• How/where to find relevant TCL code examples

    From Richard Owlett@21:1/5 to All on Sat Feb 25 06:05:12 2023
    I was introduced to TCL a few years ago but never gained fluency.
    I didn't have any target problem to solve so interest waned.
    Now there is one. A subset of it needs to take an mbox formatted file
    and determine word frequencies in the individual include message bodies.

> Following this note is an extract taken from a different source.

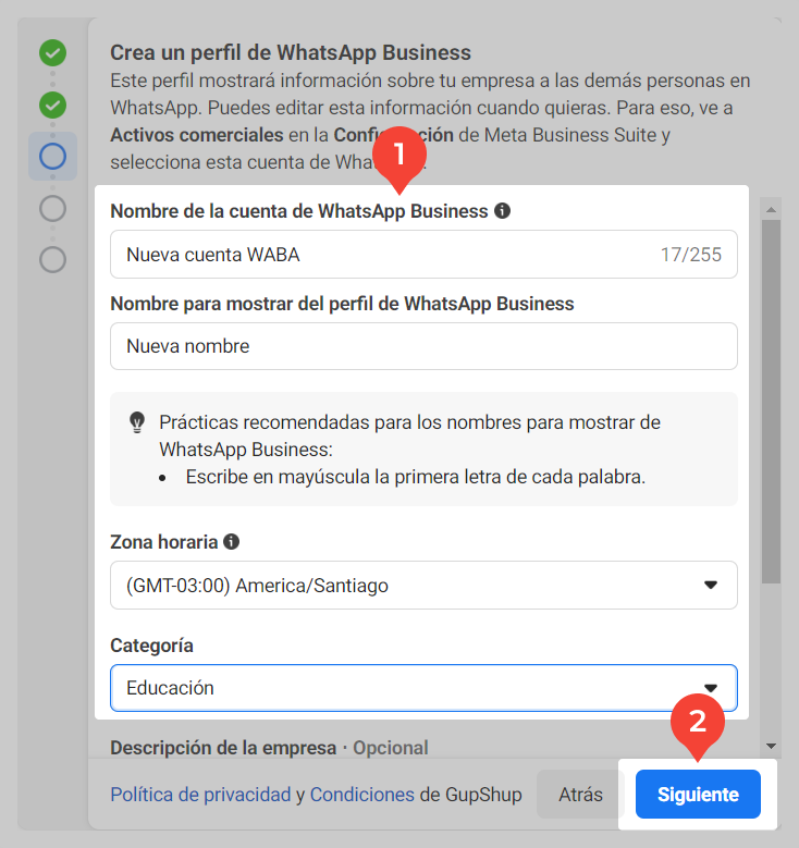 7. Haz clic en "Crear una cuenta de WhatsApp Business" → Siguiente.

    I'd like to see examples of determining word frequencies in plain text
    files < 10 kbytes >.

    Looking at them will hopefully recognition of problems to be solved in
    real world.

    Suggestions?
    TIA

    --- SoupGate-Win32 v1.05
    * Origin: fsxNet Usenet Gateway (21:1/5)
  • From Arjen Markus@21:1/5 to Richard Owlett on Sat Feb 25 04:30:47 2023
    On Saturday, February 25, 2023 at 1:05:27 PM UTC+1, Richard Owlett wrote:
    I was introduced to TCL a few years ago but never gained fluency.
    I didn't have any target problem to solve so interest waned.
    Now there is one. A subset of it needs to take an mbox formatted file
    and determine word frequencies in the individual include message bodies.

    I'd like to see examples of determining word frequencies in plain text
    files < 10 kbytes >.

    Looking at them will hopefully recognition of problems to be solved in
    real world.

    Suggestions?
    TIA

    You can look at the Wiki - wiki.tcl-lang.org - and the tutorial there.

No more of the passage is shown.